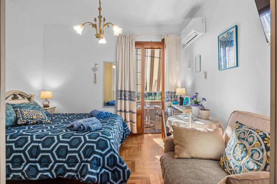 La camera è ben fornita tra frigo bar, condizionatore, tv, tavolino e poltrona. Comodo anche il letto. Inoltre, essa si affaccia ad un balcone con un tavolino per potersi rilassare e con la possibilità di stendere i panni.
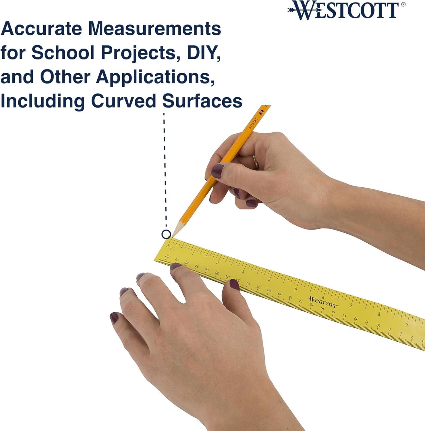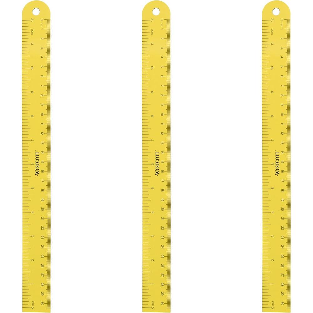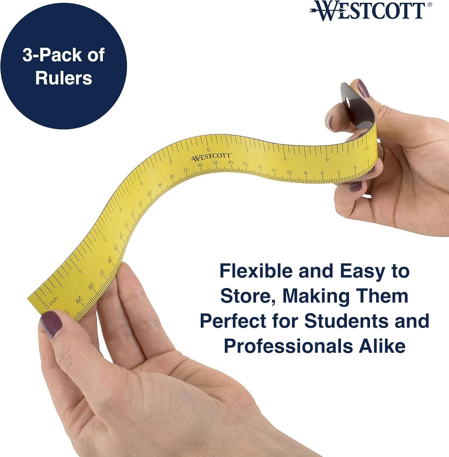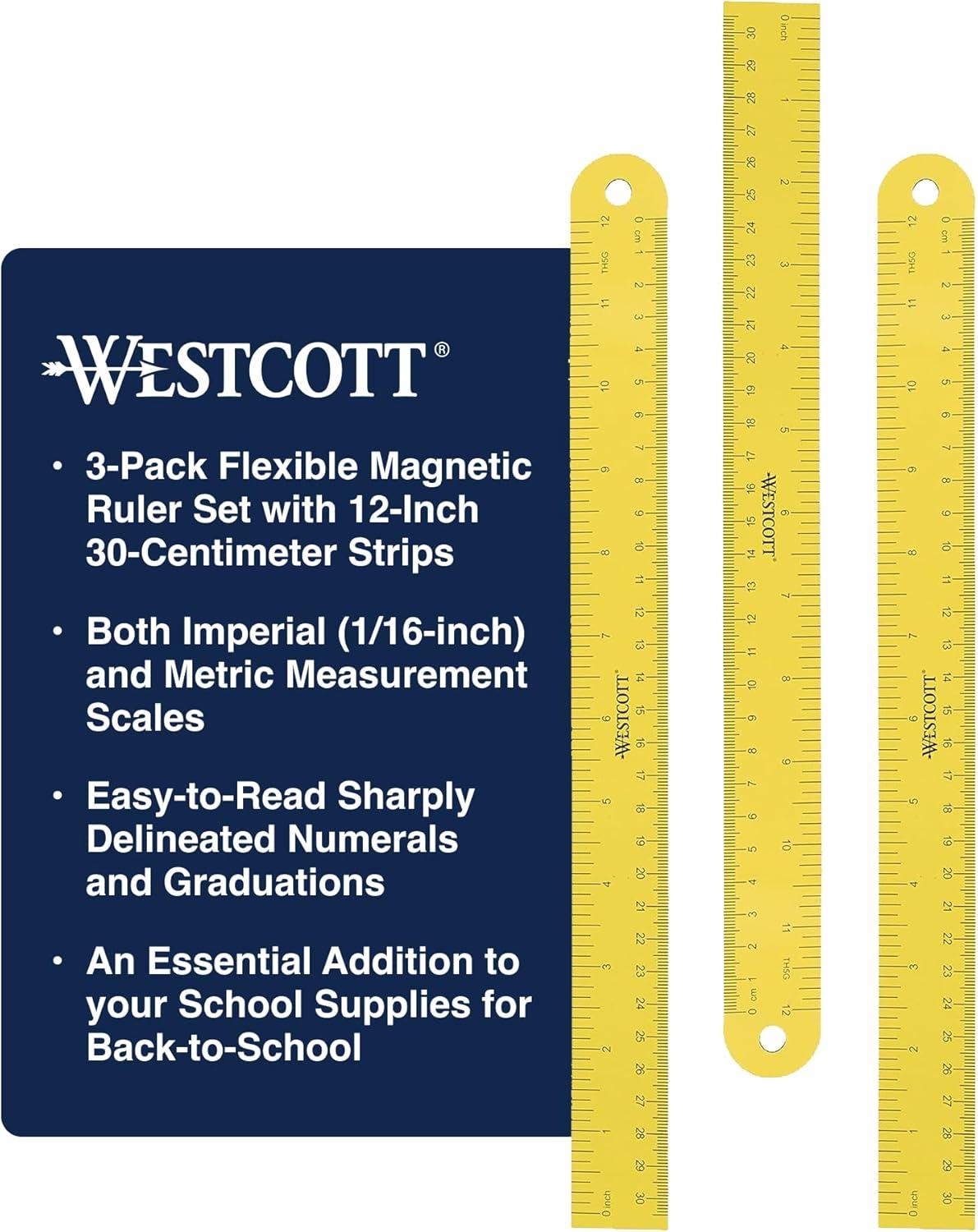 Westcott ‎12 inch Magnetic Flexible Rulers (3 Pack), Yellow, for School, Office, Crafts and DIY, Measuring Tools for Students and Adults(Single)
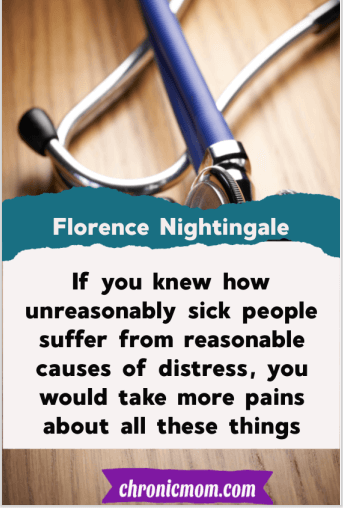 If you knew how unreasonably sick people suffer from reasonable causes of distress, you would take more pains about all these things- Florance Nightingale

...

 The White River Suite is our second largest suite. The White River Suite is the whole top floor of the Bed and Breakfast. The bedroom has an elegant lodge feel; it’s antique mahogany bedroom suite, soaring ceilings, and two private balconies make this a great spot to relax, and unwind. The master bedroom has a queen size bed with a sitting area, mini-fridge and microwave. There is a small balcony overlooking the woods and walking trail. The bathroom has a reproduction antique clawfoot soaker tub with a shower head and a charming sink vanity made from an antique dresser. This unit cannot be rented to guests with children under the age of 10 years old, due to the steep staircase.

--

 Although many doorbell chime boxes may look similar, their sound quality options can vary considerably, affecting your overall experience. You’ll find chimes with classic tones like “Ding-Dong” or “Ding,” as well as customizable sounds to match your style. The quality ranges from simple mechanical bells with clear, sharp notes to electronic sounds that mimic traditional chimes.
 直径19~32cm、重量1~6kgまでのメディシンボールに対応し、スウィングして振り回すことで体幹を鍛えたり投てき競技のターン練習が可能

**Task brief:**
Retype, exactly and with no pictures, everything above from the line with "La camera è" down to the line with "If you knew", both included.

**Exercise solution:**
 La camera è ben fornita tra frigo bar, condizionatore, tv, tavolino e poltrona. Comodo anche il letto. Inoltre, essa si affaccia ad un balcone con un tavolino per potersi rilassare e con la possibilità di stendere i panni.
 Westcott ‎12 inch Magnetic Flexible Rulers (3 Pack), Yellow, for School, Office, Crafts and DIY, Measuring Tools for Students and Adults(Single)
 If you knew how unreasonably sick people suffer from reasonable causes of distress, you would take more pains about all these things- Florance Nightingale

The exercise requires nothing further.